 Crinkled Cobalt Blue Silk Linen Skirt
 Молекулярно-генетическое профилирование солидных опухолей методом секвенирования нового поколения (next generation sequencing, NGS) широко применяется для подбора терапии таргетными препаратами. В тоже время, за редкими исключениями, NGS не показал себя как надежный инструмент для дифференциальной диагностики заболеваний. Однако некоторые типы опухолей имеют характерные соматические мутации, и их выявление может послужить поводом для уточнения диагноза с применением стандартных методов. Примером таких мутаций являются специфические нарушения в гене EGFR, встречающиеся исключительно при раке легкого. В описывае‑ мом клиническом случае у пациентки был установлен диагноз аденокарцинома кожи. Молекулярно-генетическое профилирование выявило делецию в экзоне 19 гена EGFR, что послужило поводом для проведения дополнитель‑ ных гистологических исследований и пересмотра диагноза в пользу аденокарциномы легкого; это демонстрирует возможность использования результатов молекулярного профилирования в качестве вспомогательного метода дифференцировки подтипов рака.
---
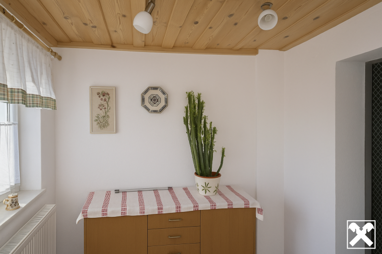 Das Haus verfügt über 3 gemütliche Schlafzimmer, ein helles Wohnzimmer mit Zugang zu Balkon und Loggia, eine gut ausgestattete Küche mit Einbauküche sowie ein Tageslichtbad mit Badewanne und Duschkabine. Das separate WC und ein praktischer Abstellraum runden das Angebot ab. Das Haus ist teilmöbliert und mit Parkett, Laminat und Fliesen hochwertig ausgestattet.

PROBLEM REQUIREMENTS =>
Your reply is to repeat, unchanged, the lines above running from the one with "Crinkled Cobalt Blue Silk Linen Skirt" up to and including the one with "Молекулярно-генетическое профилирование солидных".

RESPONSE FOR THIS EXERCISE =>
 Crinkled Cobalt Blue Silk Linen Skirt
 Молекулярно-генетическое профилирование солидных опухолей методом секвенирования нового поколения (next generation sequencing, NGS) широко применяется для подбора терапии таргетными препаратами. В тоже время, за редкими исключениями, NGS не показал себя как надежный инструмент для дифференциальной диагностики заболеваний. Однако некоторые типы опухолей имеют характерные соматические мутации, и их выявление может послужить поводом для уточнения диагноза с применением стандартных методов. Примером таких мутаций являются специфические нарушения в гене EGFR, встречающиеся исключительно при раке легкого. В описывае‑ мом клиническом случае у пациентки был установлен диагноз аденокарцинома кожи. Молекулярно-генетическое профилирование выявило делецию в экзоне 19 гена EGFR, что послужило поводом для проведения дополнитель‑ ных гистологических исследований и пересмотра диагноза в пользу аденокарциномы легкого; это демонстрирует возможность использования результатов молекулярного профилирования в качестве вспомогательного метода дифференцировки подтипов рака.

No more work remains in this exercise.